El guion, obra de Matt Holloway, Art Marcum y Richard Wenk, también hace aguas por todas partes. Resulta curioso cuando los dos primeros son los responsables del libreto de la película que inició el actual Universo Cinematográfico Marvel, Iron Man (Jon Favreau, 2008), y el tercero es un consumado guionista de cintas de acción como 16 calles (Richard Donner, 2006) o la saga The Equalizer (Antoine Fuqua, 2014, 2018, 2023).
En él, no sólo vemos un frágil hilo argumental cimentado en un tema muy corriente a día de hoy como son los daddy issues, sino que aborda este tema de una manera banal y superficial. Nos ofrece unos personajes ciertamente planos o con un desarrollo brusco en el que se pasa de blanco a negro en una micra, otros que aparecen de forma abrupta y otros cuya presencia está de más. A todo esto, se le suman unos giros de guion que se meten con calzador. Un caso digno de estudio.
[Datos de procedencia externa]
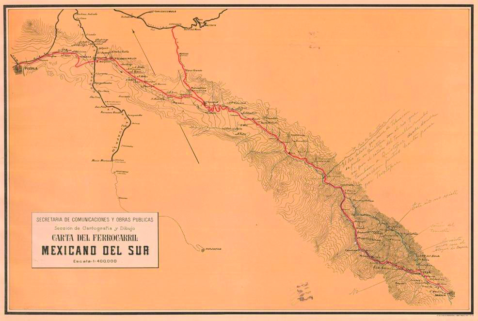 La construcción de la vía férrea hacia el estado de Oaxaca se enfrentó con enormes retos topográficos, pues la accidentada geografía hacía inviable un trazado directo.

El actor elegido para encarnar al veterano cazador es Aaron Taylor-Johnson, un viejo conocido de la saga Marvel, ya que interpretó a Mercurio en Los Vengadores: La era de Ultrón (Joss, Whedon, 2015). Se le dio a conocer en otra película de superhéroes, aunque ajena a Marvel, como Kick-Ass (Matthew Vaughn, 2010), apareciendo desde entonces en películas de renombre como Animales nocturnos (Tom Ford, 2016), Tenet (Christopher Nolan, 2020) o Bullet Train (David Leitch, 2022).
En el caso de Kraven, diría que sólo aporta su físico, haciendo que sea un reclamo para los fans en lo que a marketing se refiere, haciendo una interpretación muy básica para la que sólo se requería su cuerpo. Por ello, no logra realizar un correcto acercamiento al personaje en lo más personal. Es una verdadera lástima, porque creo que es un actor que puede dar mucho más, como así ha demostrado antes, y espero que vuelva a demostrar.
Otro punto del fracaso de esta película son los actores secundarios. También es sorprendente, ya que cuenta con estrellas de renombre como Ariana DeBose, cuyo Oscar por West Side Story (Steven Spielberg, 2021) le ha dado mucho caché, o toda una institución como Russell Crowe, aunque con un acento ruso más que cuestionable. A ellos se le suman Alessandro Nivola, Fred Hechinger o Christopher Abbott, siendo un elenco que aporta poco o nada.
La conclusión es que esta película engrosa esa temida lista de fracasos de Marvel. Esto se debe a que, en muchos momentos, y a pesar de buen maquillaje, vestuario y efectos, se le ven las costuras. Sé que muchas películas de superhéroes no se caracterizan por tener buenos guiones, pero esta se lleva la palma, y no hay ningún elemento que pueda suavizar las carencias de Kraven. Muy a mi pesar, es un suspenso en toda regla. Muchos recursos, mucho dinero, nombres y figuras con buenas carreras, y aún así, patinazo. La historia se repite.
En cines a partir del 13 de diciembre.